I was given a dehydrated scoby as a present, and its currently rehydrating (30 day process...)

Does anyone know of a reputable source for a science-backed fermentation guide to kombucha? looking for something on a similar level to the hundreds of home brewing books and manuals out there. optimum temps, effects of cold crashing, temperature rests (if thats even a thing with)

I was considering leaving it as something I didn't have to think about or research (a nice contrast to brewing), but the perfectionist in me is crying out.


----------



## hand2earth (21/4/16)

You might be interested in Kombucha Rediscovered by Klaus Kaufmann.


----------



## Airgead (21/4/16)

Sandor Katz had a section on kombucha in his art of fermentation. He does get a bit hippy trippy but also covers some of the science.


----------



## JB (21/4/16)

Hi mate, keep it simple - well compared to fermenting beer anyway. 

I do a continuous fermentation, so I have a 6lt glass jug with plastic spigot, covered by a tea towel and we draw off a glass per morning (usually still a little bit sweet, but still good) & also bottle into swing top bottles when the kombucha hits the sourness we like. I usually blend up raspberries & add this into the bottles too, helps carb. I add the sugar tea top up when it needs it, usually when it gets to 25% left.

I have no temp control, it sits in the corner of the kitchen & ferments fast when it's hot & slower when it's cold.
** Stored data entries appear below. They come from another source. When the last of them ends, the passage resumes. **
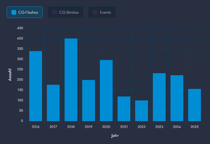- Statistiktyp: CG-Flashes (Standard), CG-Strokes (Teilblitze) oder Events (alle Entladungen inkl. Wolkenblitze). Bitte beachten Sie, dass nur CG-Flashes eine sinnvolle Aussage über die Blitzdichte ergeben. Mehr Infos dazu in der Hilfe im Blitzatlas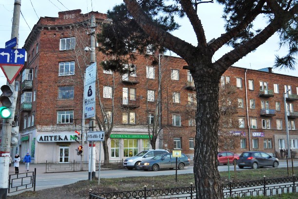 А этот бастион 1940 года рождения стоит на пересечении улиц Мира и Ленина. Их там таких два! Выглядят сурово и неприступно.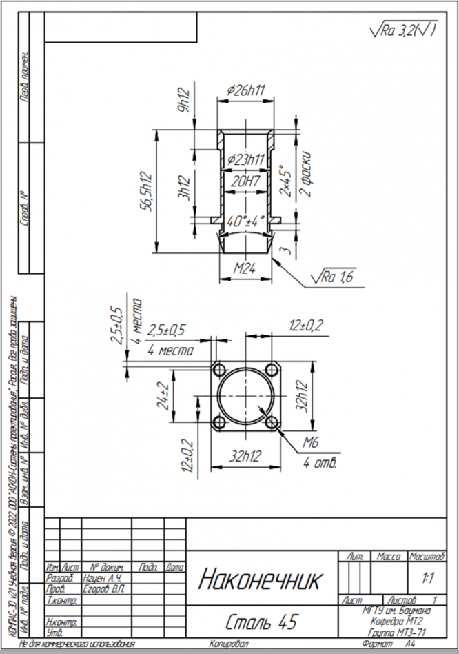 Для студентов МГТУ им. Н.Э.Баумана по предмету Основы проектирования режущего инструмента (ОПРИ)Курсовая работа по ФОПР и РИ - НаконечникКурсовая работа по ФОПР и РИ - Наконечник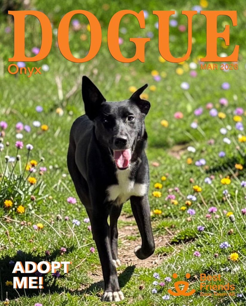 Every Friday, DOGUE Adoption Friday shines a spotlight on a special dog looking for a loving home. This week, we’re excited to introduce Onyx – a sweet and curious pup, with a playful spirit and affectionate heart.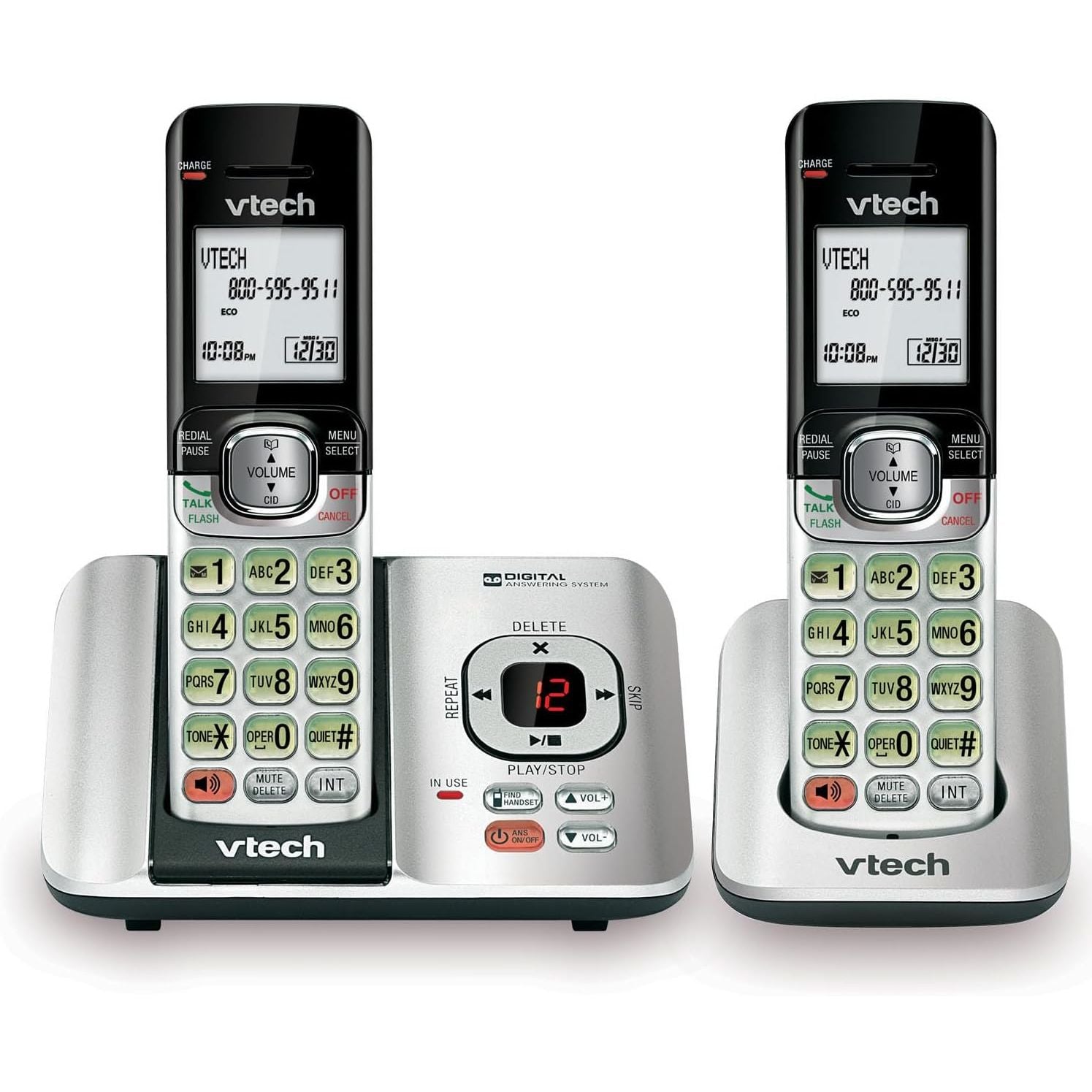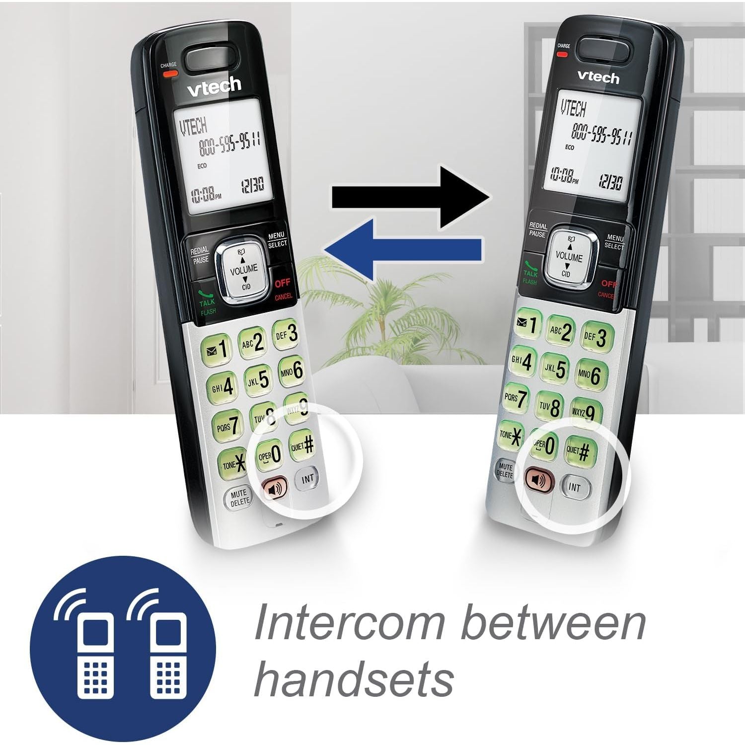 The VTech CS6719-2 Cordless Phone with Caller ID features an expandable system in which you can add up to five additional handsets (uses CS6709). This phone set includes a backlit keypad and display for easy viewing, ECO mode power-conserving technology and a quiet mode that silences the ringer to prevent interruptions. The VTech phone system with call waiting has caller ID, a full duplex handset with speakerphone and an indicator that notifies you of an awaiting voicemail. Handset to Handset Intercom.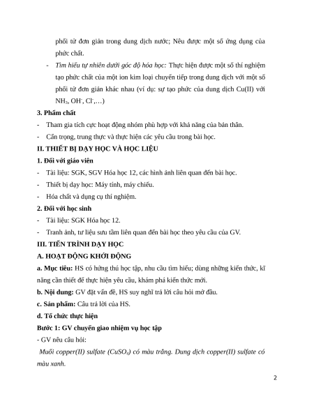 - Tự chủ và tự học: Chủ động, tích cực tìm hiểu về sự hình thành phức chất của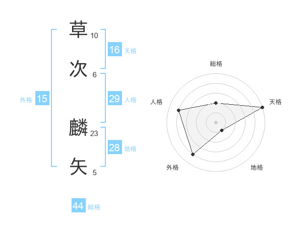 草次 麟矢さんの総格は44画の2点!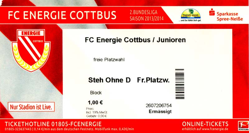 | 3. | 15.09.2013 | FC Carl Zeiss Jena C-Junioren () | 0:3 | FC Energie Cottbus C-Junioren |

I've only last week cut up the scoby as it had grown super thick.

In saying all that, if you do stumble across any nice detailed info, please share ☺


----------



## dannymars (21/4/16)

I usually don't fuss over kombucha... I just ferment it in a 4 litre jar, after only 1 week I bottle, once it's bottled I make another batch of sweet tea and drop a scoby into it.

I bottle, coz I like if fizzy, but you don't have to as mentioned above....

I usually prime my bottles with fruit juice... 

I would take more interest in the finer points of the process if I thought I needed to. turns out great the way it is, so I don't feel there's any need really.


----------



## JB (21/4/16)

dannymars said:


> Keg 2 - Pacific Ale (kettle soured version)


 :icon_offtopic: How is your kettle soured Pacific Ale Danny?


----------